Além dele, Bailey também vivenciou situações desconfortáveis, mas tentando levar sempre para o lado positivo. “Teve uma situação engraçada em que fomos para Amarante e como estávamos falando em inglês, algumas pessoas pensavam que não entendíamos e xingaram a gente. Quando fomos embora a gente disse ‘tchau, prazer em conhecer’, e eles ficaram surpresos”, lembrou.

Em geral, o preconceito se dirige mais a pessoas que vêm de países africanos. “Eu passei por isso no Rio Grande do Sul, quando senta no ônibus, ninguém senta do seu lado. Aqui também (em Imperatriz), mas só lá essa situação. Algumas pessoas pergunta: ‘você prefere seu coro (cor)?’, e digo ‘é claro que prefiro meu coro’”, contou o senegalês Bili Boiam, de 24 anos.

Mas, ainda assim, todos concordam que a cidade tem um ambiente mais tranquilo e respeitador que em outros lugares. Fato que contribui para que o Brasil ocupe o 51º lugar no ranking de aceitação a estrangeiros, em pesquisa da consultoria Gallup, realizada entre 2016 e 2017, ficando à frente de países como Rússia, Israel, Polônia e Grécia. Para os entrevistados, ainda que aconteçam algumas situações desagradáveis, Imperatriz é boa para morar e as pessoas respeitam, são acolhedoras e receptivas.

“Em São Paulo eu casei com uma moça brasileira e nós ganhamos filho. E São Paulo não é lugar aconselhável para criar filho, não é que é lugar ruim, mas outros cria filho nosso. Então, como minha mulher era daqui e minha sogra podia estar presente, nós pensamos ‘que tal nós vamos para Imperatriz?’, porque aqui é bom para criar filho”, contou Iran sobre os motivos que o atraíram para a cidade. Outro que se sente em casa é o sírio Nidal Hanna Boutros, de 30 anos. “Tem coisa bom, tem coisa ruim. Eu gostei, de Imperatriz eu gostei demais. Parece com minha cidade lá na Síria, pequeno e tem tudo”, contou.

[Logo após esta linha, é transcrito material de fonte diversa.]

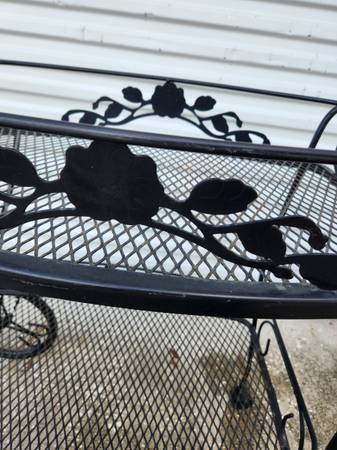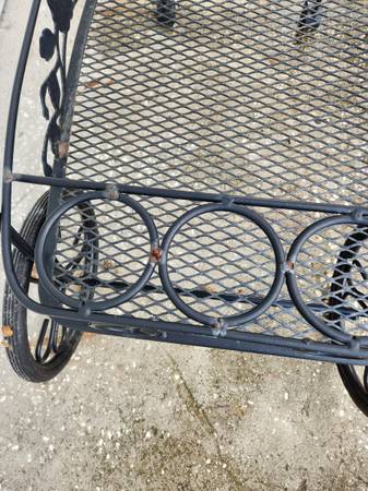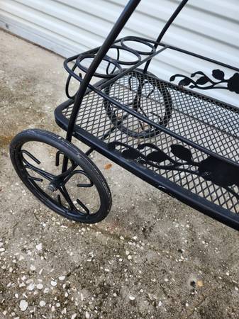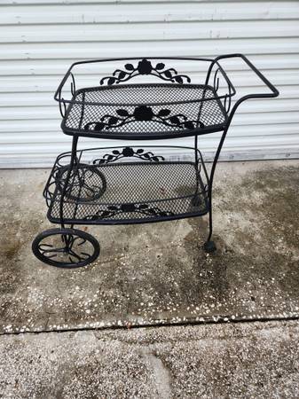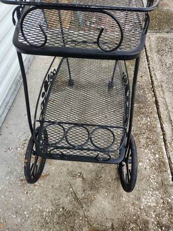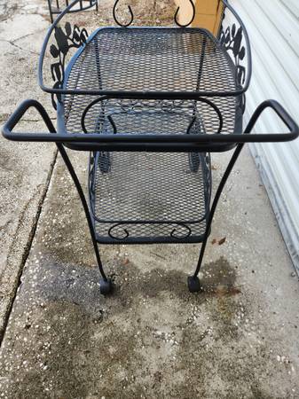 Black metal bar cart server. Great for patios. Has some slight surface rust--can easily be painted. Measures 40"L x 21"D x 34"H. Cash sale. Pick up at warehouse in Tavares. I respond by email.

Ou seja, ainda tem muito a ser melhorado, é necessário que sejam implementadas políticas públicas mais eficientes, já que somente 1% dos casos de xenofobia vão a julgamento. E em Imperatriz não há órgãos oficiais de apoio aos imigrantes. Porém, na contramão das cidades grandes, que registram a maior parte dos casos de preconceito contra estrangeiros, os cidadãos têm respeitado e convivido bem com as diferenças, seja nos costumes ou na língua. Há um esforço para que os que chegam de fora se sintam bem recebidos.